My guide is a perpetually smiling woman named Mogi who has given us a few colorful interpretations of Mongolian history.
“You know, Mongolia is trapped between the two most powerful countries on Earth,” Mogi says, echoing a sentiment I hear multiple times a day in Mongolia. “In the 1960s, Mongolia gave Lake Baikal to Russia as a gift,” Mogi continues. The Dutch couple I’m traveling with and I exchange glances. “But it was like, you know, a gift you always give back.” More exchanged gl
ances. “So actually,” Mogi continues, her voice rising with emotion, “Russia stole Lake Baikal from Mongolia!”
We’re on a two-day trip through the park that includes a horse trek and a ger stay with a nomadic family, but so far we have primarily visited rocks.
“This cave, yeah, the monks are hiding here,” Mogi says, after making us climb a slippery pile of rocks and wedge ourselves into a crevice between them. “But the army found them,” she continues, “and they are all dead.”
After this unexpected dark turn in the story, she is quiet, leaving us to picture the horrible deaths that must have befallen people in the exact place we’re crouching.
The next rock looks like a turtle. “You see?” Mogi says, pointing out the shell and head that do kind of resemble a turtle, though to me, it primarily looks like a rock. Does it have any religious significance? No, it looks like a turtle. Do I want to climb it? After the dead monk rock, I’m good.
In the afternoon, we ride horses up to a Buddhist temple high in the mountains. As we cross icy streams and circle up the hillsides, it starts to snow. Wet, heavy flakes drop from the sky and drift through the pine trees, and although it is freezing, it’s also stunningly quiet and beautiful. The temple complex, too, is dreamy: a series of red pagodas and statues of Buddhas overlooking the valley below. We cross a rickety wooden bridge to reach the highest building, a brightly painted wooden pagoda with intricate carvings and a sloping roof made of tiles. Mogi doesn’t tell us to make a wish, but I close my eyes and do anyway.

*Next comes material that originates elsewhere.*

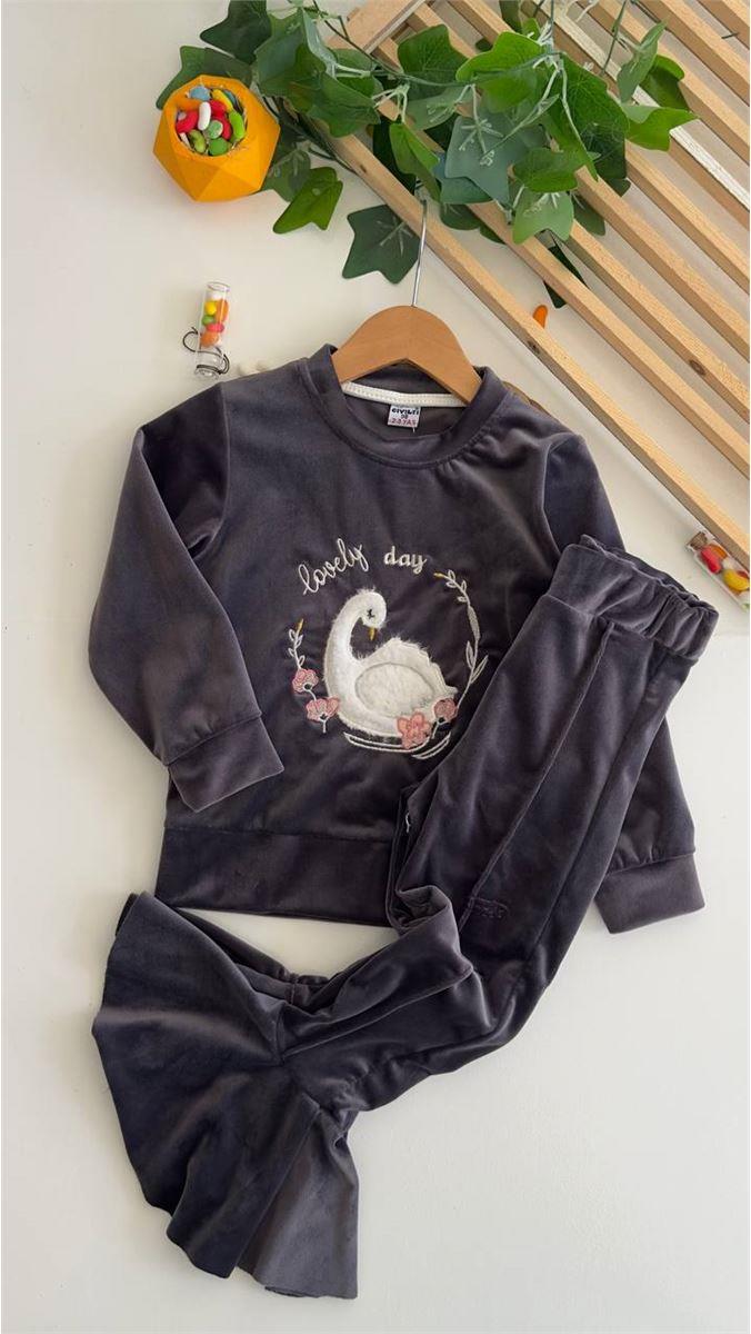 8015 Kuğu Kabartmalı Fransız Kadife Takım FÜME

In early evening we arrive at the camp of a goat-herding family, with whom we’ll be spending the night. Their gers are located beside a dry riverbed that will fill with water in a few weeks when the snow begins to melt.
The women are inside making fried dough while the men finish their afternoon chores. As we warm up with tea, the father pops into the ger and asks Mogi a question; she looks uncertain but asks us if we want to help him feed the baby goats.